James recently accepted a job 1,700 miles away from his parents. It’s always hard to see one’s child fly the coop, but in this case it’s a chance for James to make a fresh start with a new name, gender and identity among people unfamiliar with his biological history.
We’re all dealt a different hand in life. It’s what we do with the cards we’re given that is a person’s true measure.
“It has been a beautiful growing process this past year,” wrote Linda. “I watched my child struggle with issues most of us will never face. I’ve seen him grow comfortable in his own skin and his confidence level rise with every situation he either overcame or accepted. The Serenity Prayer has become our family’s mantra. If something comes up, we ask one another, ‘Can I change it?’ If the answer is ‘no,’ then the only other option is to accept it as part of God’s plan. We know there were lessons for us to learn and we’ve done our best to handle a rare medical ‘monkey wrench.'”

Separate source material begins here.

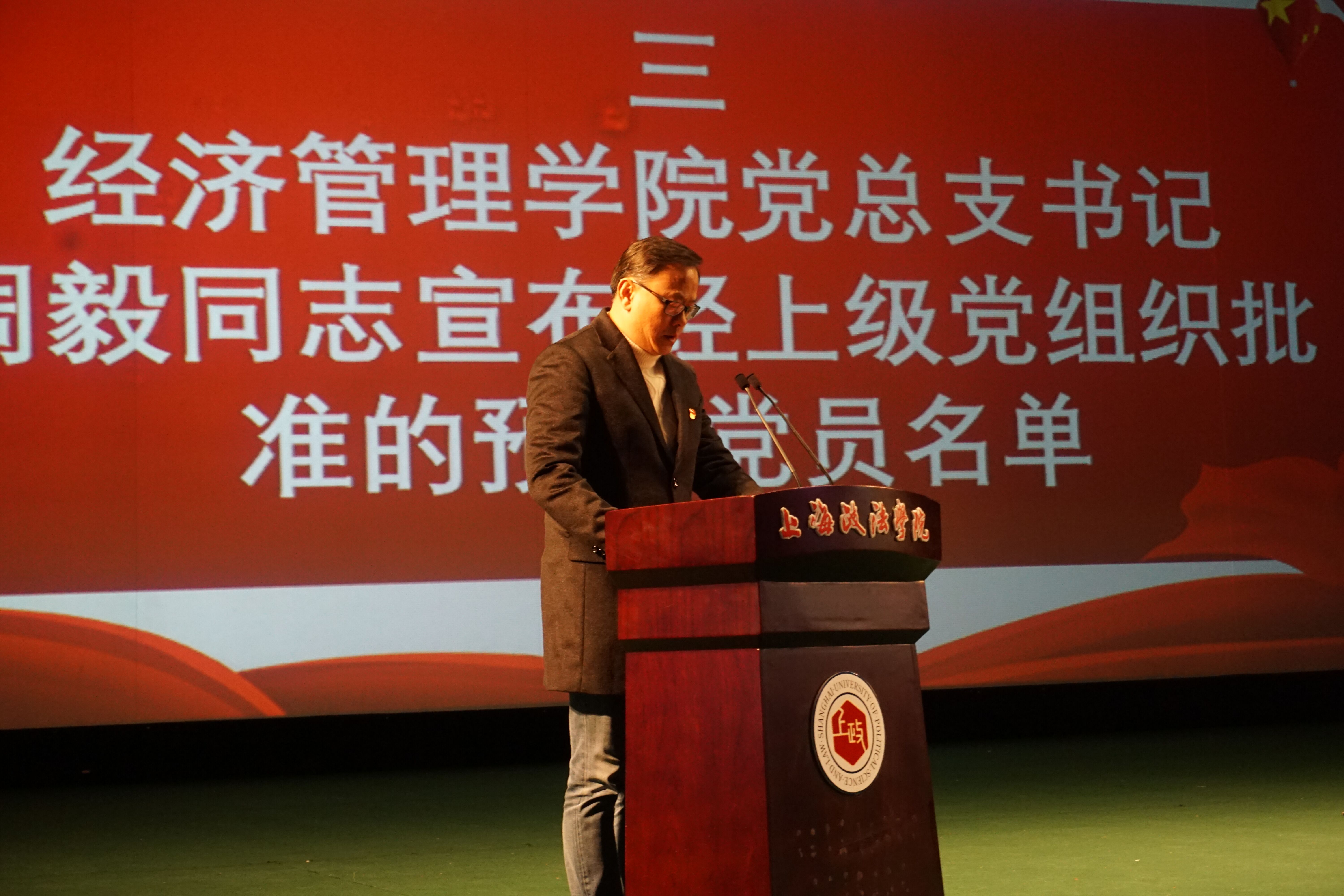 仪式第三项,由经济管理学院党总支书记周毅同志宣读经上级党组织批准的预备党员名单。

During this transition, Jane and Linda attended a parent-child transgender support group. Interestingly, Linda said the parents were often the militant in-your-face ones, not the kids themselves. “If someone is identifying as male or female, they don’t make a big deal about it. There’s no drama,” said Linda. “They just want to quietly live their lives. Those who make the drama are the activists, and they’re not the true transgenders. Unfortunately they’re the ones making the news. The real pity is with the current trendy mass hysteria, the true transgenders get buried and misunderstood.”
In this time of absolute liberal lunacy around transgenderism – when research fellows call for giving puberty blockers to little children who are temporarily confused – it’s almost a relief when a “normal” transgender appears on the scene, deals with his/her issues, makes a decision and gets on with life without feeling the need to get into everyone’s faces about it.
“Don’t judge my son,” says his mother softly, “until you’ve walked a mile in his shoes.”
Something to keep in mind as we congratulate James into his new life.